So that GM6000iED looks about perfect for my needs. One thing I don't like is all outlets are bonded neutral. I remember Champion offered instructions on how to turn their 30A L14-30 receptacle into a floating neutral, for connecting to a home Interlock. I'm sure it can be done here too, somehow.

Here is the schematic. I assume we just break the connection G/Y connection on the 30A port? And hope it's just a wire?


----------



## tabora (Sep 6, 2018)

Robh said:


> Here is the schematic. I assume we just break the connection G/Y connection on the 30A port? And hope it's just a wire?


Actually, it looks like the bond is here:








Just remove the wire that joins the W and the G/Y there.


----------



## Robh (Aug 19, 2019)

That works for the 30A too?


----------



## tabora (Sep 6, 2018)

Robh said:


> That works for the 30A too?


There's only one bonding point between the Neutral (W) and Ground (G/Y) on a generator. Assuming your diagram is correct, that's it. In a traditional generator, it looks like this:


----------



## OrlyP (Oct 19, 2021)

In an inverter, the bond can happen inside the control box.

Remember that once you remove the connection, you should wrap up the open terminal with electrical tape.... that is unless you decide to remove the jumper altogether.

Sample pic from a Generac:


----------



## joyfullydj (3 mo ago)

Robh said:


> ??? Apples and oranges.

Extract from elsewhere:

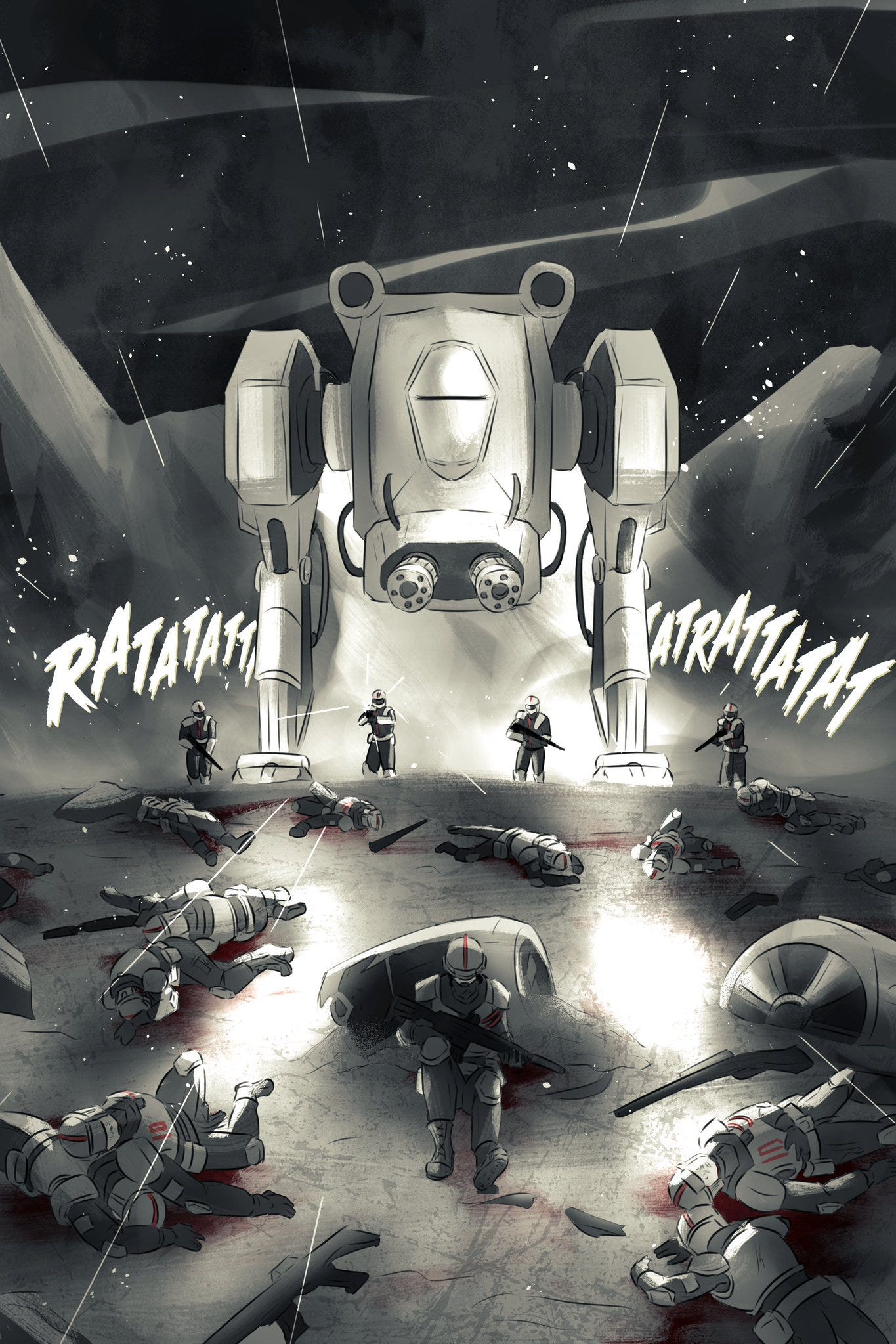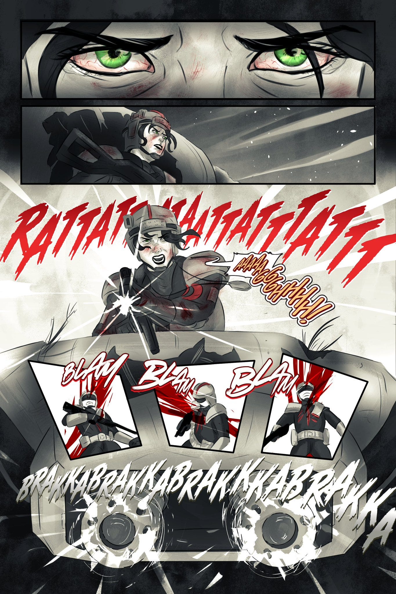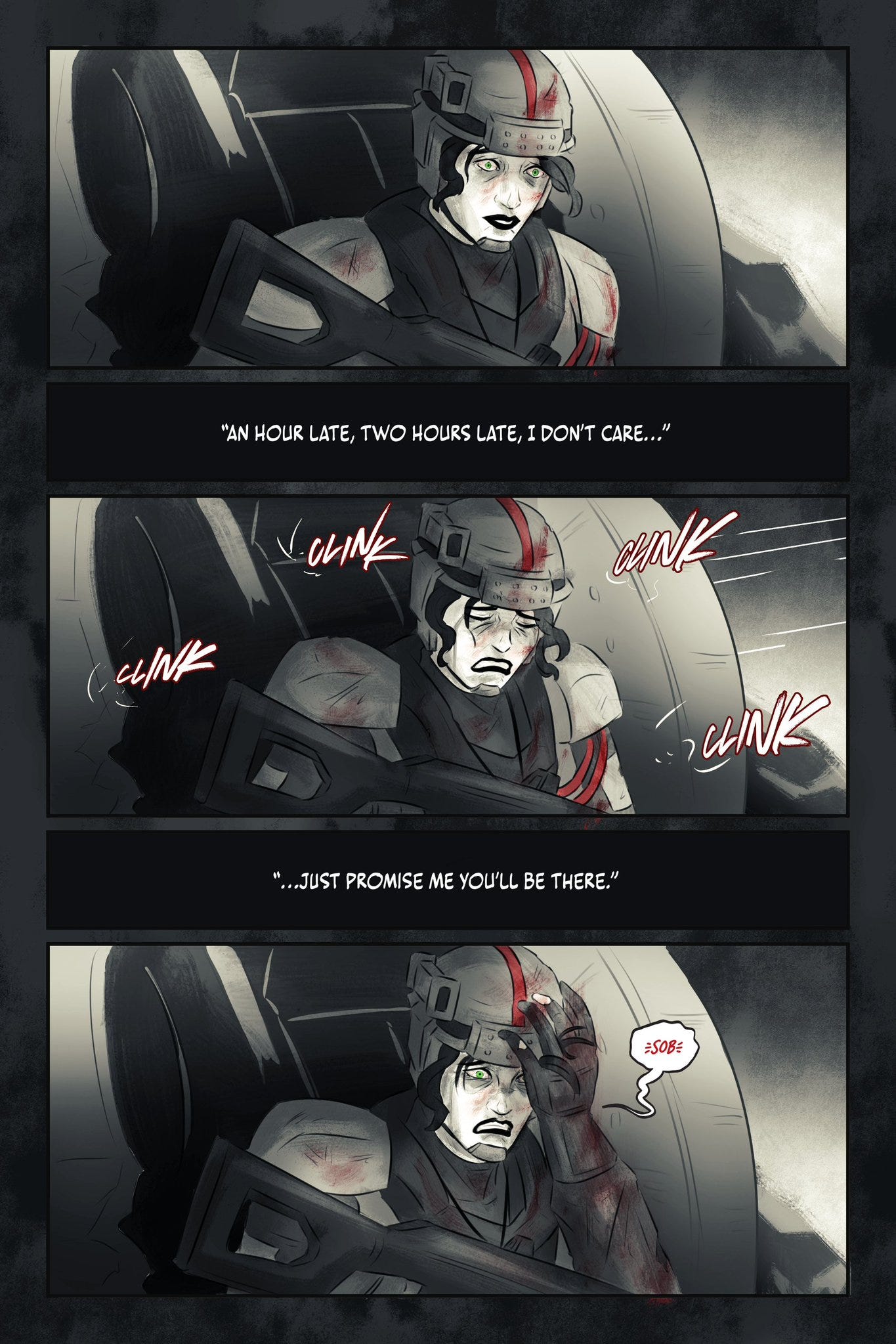 FH: I think most of the reason my stories end up becoming military fiction is because it’s kind of the easiest excuse to draw what I love to draw? I love to design armor pieces and big weapons. I love to draw mechs. I love drawing fighter-type women. So the genre itself is really just a copout so I can draw all the things I love.

There are plenty of open-frame generators. This thread is not about those.


 But this IS an inverter generator with low THD and most open frame generators are not that. So I, for one, an glad he mentioned this generator as I'm having a tough time finding something like this that will work for my home.


----------



## Robh (Aug 19, 2019)

So A-iPower released a new one
GXS7100iRD - 7100 Watt Dual Fuel With Remote Start Inverter Generator

It looks to be a slightly more powerful variant on the Genmax GM6000iED. It appears very similar so probably the same factory. Both are dual-fuel and have electric start. You get another 1000 watts for an engine size difference between 312cc vs 322cc.


----------



## tabora (Sep 6, 2018)

Robh said:


> So A-iPower released a new one
> GXS7100iRD - 7100 Watt Dual Fuel With Remote Start Inverter Generator


Yet another generator with no neutral port for parallel operation. Is this the new normal?


----------



## GenKnot (Dec 20, 2021)

tabora said:


> Yet another generator with no neutral port for parallel operation. Is this the new normal?


I noticed that too, but I was just going to hold myself back. I can't believe this is becoming a trend. In my opinion there is absolutely no way to parallel these gens correctly.


----------



## OrlyP (Oct 19, 2021)

Neutral is unbonded based on the literature so the parallel kit will either be 120V-only or 240V-only. Their parallel kit is model "PK12000", but they didn't provide any more details beyond that.

Dealing with voltages that can either maim or kill, you'd think they'd be more forthcoming with the details.


----------